24th Attorney General of North Dakota
- In office January 2, 1963 – January 2, 1973
- Governor: William L. Guy
- Preceded by: Leslie R. Burgum
- Succeeded by: Allen I. Olson

Personal details
- Born: June 21, 1906 Gardar, North Dakota
- Died: March 7, 1994 (aged 87) Bismarck, North Dakota
- Political party: Republican
- Children: 4
- Parent: Benidikt Jóhanneson Bóthildur Guðjónsdóttir

= Helgi Johanneson =

Attorney General of North Dakota

Helgi Johanneson (June 21, 1906 – March 7, 1994) was an Icelandic-American politician who served as the Attorney General of North Dakota from 1963 to 1973.

== Early life ==
Helgi was the youngest child of Icelandic Immigrants Benidikt and Bóthildur (Guðjónsdóttir) Johanneson, who immigrated to the United States in 1873 and 1890 respectively. Helgi's father died when he was only 10 years old.

== Personal life ==
In 1930, Helgi married Ann Prokosch.

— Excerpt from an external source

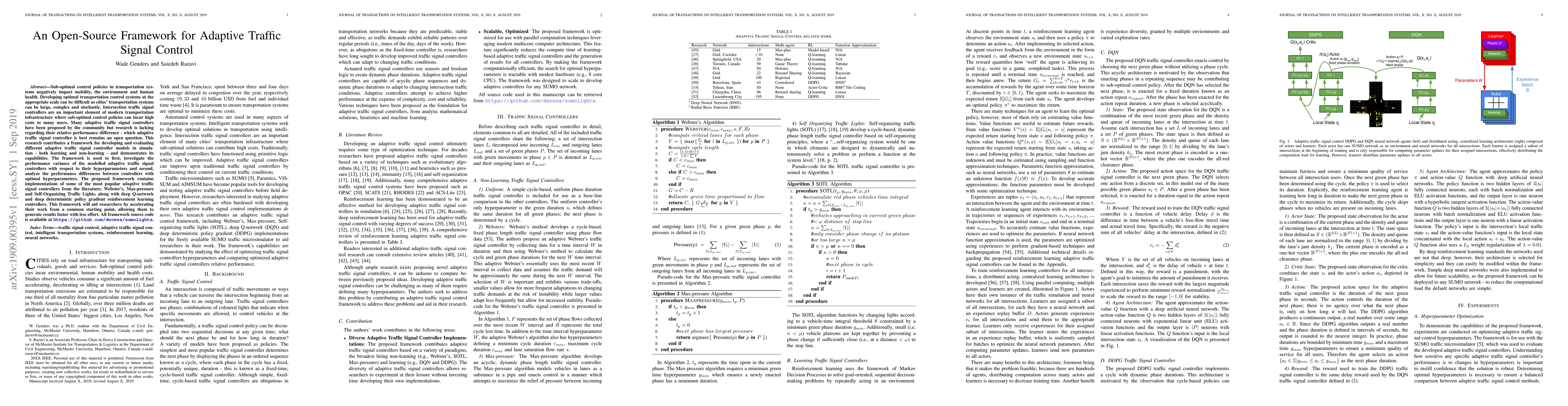 This paper presents an open-source framework for evaluating adaptive traffic signal controllers, including both learning and non-learning models. The framework aims to facilitate research by providing a common platform for testing various controllers, thus accelerating the development of optimal traffic control policies.

Her parents, Peter and Mary, had immigrated from Bohemia in the late 19th century. Helgi and Ann went on to have 4 children and were married for 64 years until Helgi's death in 1994.

== Education ==
Helgi attended the University of North Dakota and later the William Mitchell School of Law in St. Paul, Minnesota.

== Political career ==
Helgi served as the North Dakota Attorney General from 1963 to 1973. He had previously served as the State's Attorney in Pembina County. As Attorney General, Helgi was an advocate for state's rights, particularly as pertaining to Civil Rights Legislation, as evidenced by a 1963 opinion given by Helgi to the United States Senate Judiciary Subcommittee on the Constitution in which he stated the following:

“I have read S. 1117 and S. 1219 which you enclosed in your letter. While I have not been in particular contact with the record and accomplishments of the Commission on Civil Rights, I might submit that I do not particularly support either of the bills. Of necessity, I can only speak for myself; however, our experience in this field has been very limited. We do have civil rights statutes in force and there have been a few successful prosecutions. This leads me to the conclusion that we, in North Dakota, do not have the problems that some sister states might; consequently, I see no compelling need for a Federal authority in this area. Of course, merely setting up the Commission does not solve the problem and the ultimate decision lies with the Congress.”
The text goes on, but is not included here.